Regularity of weak minimizers of the K-energy and applications to properness and K-stability

TL;DR

This paper proves that all finite energy minimizers of the extended K-energy are smooth constant scalar curvature Kähler (cscK) metrics on compact Kähler manifolds, confirming parts of conjectures relating to properness and stability.

Contribution

It demonstrates that finite energy minimizers of the extended K-energy are smooth cscK metrics, and establishes the link between existence of cscK metrics, properness of the K-energy, and K-stability.

Findings

Finite energy minimizers are smooth cscK metrics.

Existence of cscK implies J-properness of the K-energy.

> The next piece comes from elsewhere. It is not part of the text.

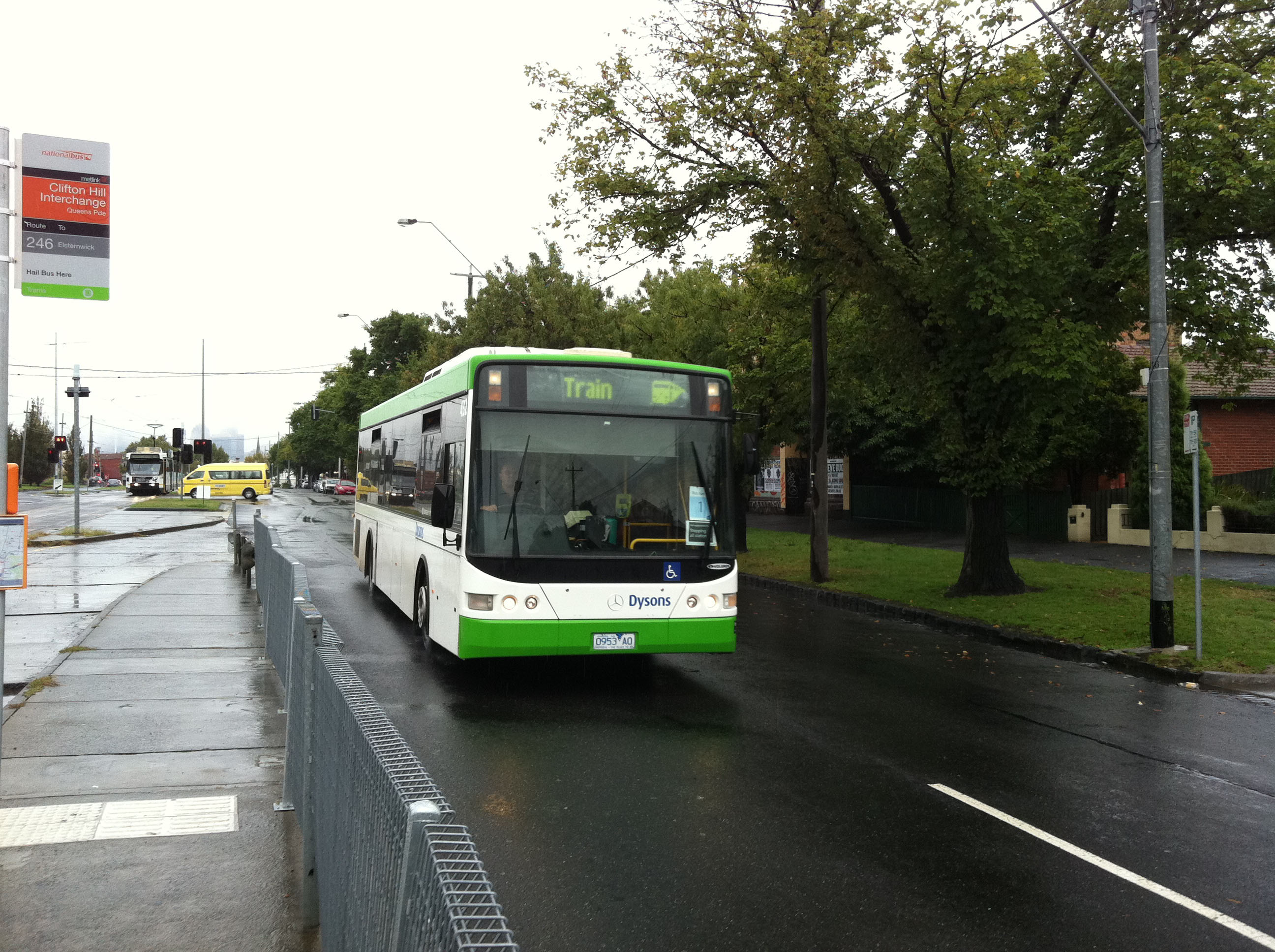 A wet day in March 2012 was probably not the best weather for running train replacement services but major track work starting at Clifton Hill resulted in a large fleet of Dysons buses on hand to carry displaced passengers. This is 432 (0953AO) which had been new as Northern Bus Lines 3. It was one of a number of Mercedes inherited form the Glenroy based company, in this instance an O500LE dating from 2003 and one of four new that year. |

Ample line bundles with cscK metrics are K-polystable.

Abstract

Let $(X,\omega)$ be a compact K\"ahler manifold and $\mathcal H$ the space of K\"ahler metrics cohomologous to $\omega$. If a cscK metric exists in $\mathcal H$, we show that all finite energy minimizers of the extended K-energy are smooth cscK metrics, partially confirming a conjecture of Y.A. Rubinstein and the second author. As an immediate application, we obtain that existence of a cscK metric in $\mathcal H$ implies J-properness of the K-energy, thus confirming one direction of a conjecture of Tian. Exploiting this properness result we prove that an ample line bundle $(X,L)$ admitting a cscK metric in $c_1(L)$ is $K$-polystable.